I am evaluating the performance of Service Fabric with a Reliable Dictionary of ~1 million keys. I'm getting fairly disappointing results, so I wanted to check if either my code or my expectations are wrong.

I have a dictionary initialized with dict = await _stateManager.GetOrAddAsync<IReliableDictionary2<string, string>>("test_"+id);

id is unique for each test run.

I populate it with a list of strings, like "1-1-1-1-1-1-1-1-1", "1-1-1-1-1-1-1-1-2", "1-1-1-1-1-1-1-1-3".... up to 576,000 items. The value in the dictionary is not used, I'm currently just using "1".

It takes about 3 minutes to add all the items to the dictionary.

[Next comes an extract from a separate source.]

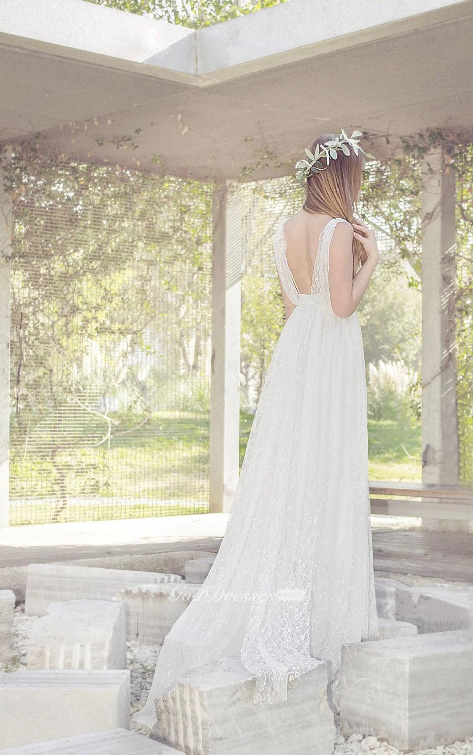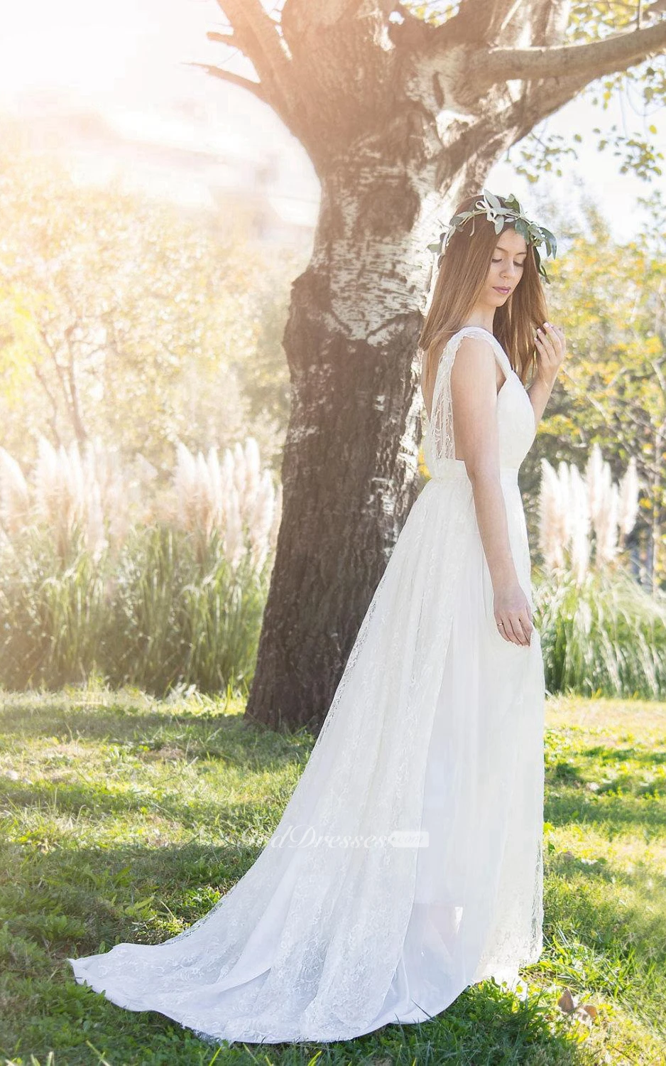 Bohemian Lace V-Neck A-Line Bridal Gown With Pleats

I have to split the transaction to 100,000 at a time, otherwise it seems to hang forever (is there a limit to the number of operations in a transaction before you need to CommitAsync()?)

//take100_000 is the next 100_000 in the original list of 576,000
using (var tx = _stateManager.CreateTransaction())
{
    foreach (var tick in take100_000) {
        await dict.AddAsync(tx, tick, "1");
    }
    await tx.CommitAsync();
}

After that, I need to iterate through the dictionary to visit each item:

using (var tx = _stateManager.CreateTransaction())
{

    var enumerator = (await dict.CreateEnumerableAsync(tx)).GetAsyncEnumerator();

    try
    {
        while (await enumerator.MoveNextAsync(ct))
        {
            var tick = enumerator.Current.Key;                
            //do something with tick                    
        }
    }
    catch (Exception ex)
    {
        throw ex;
    }
}

This takes 16 seconds.

I'm not so concerned about the write time, I know it has to be replicated and persisted. But why does it take so long to read? 576,000 17-character string keys should be no more than 11.5mb in memory, and the values are only a single character and are ignored. Aren't Reliable Collections cached in ram? To iterate through a regular Dictionary of the same values takes 13ms.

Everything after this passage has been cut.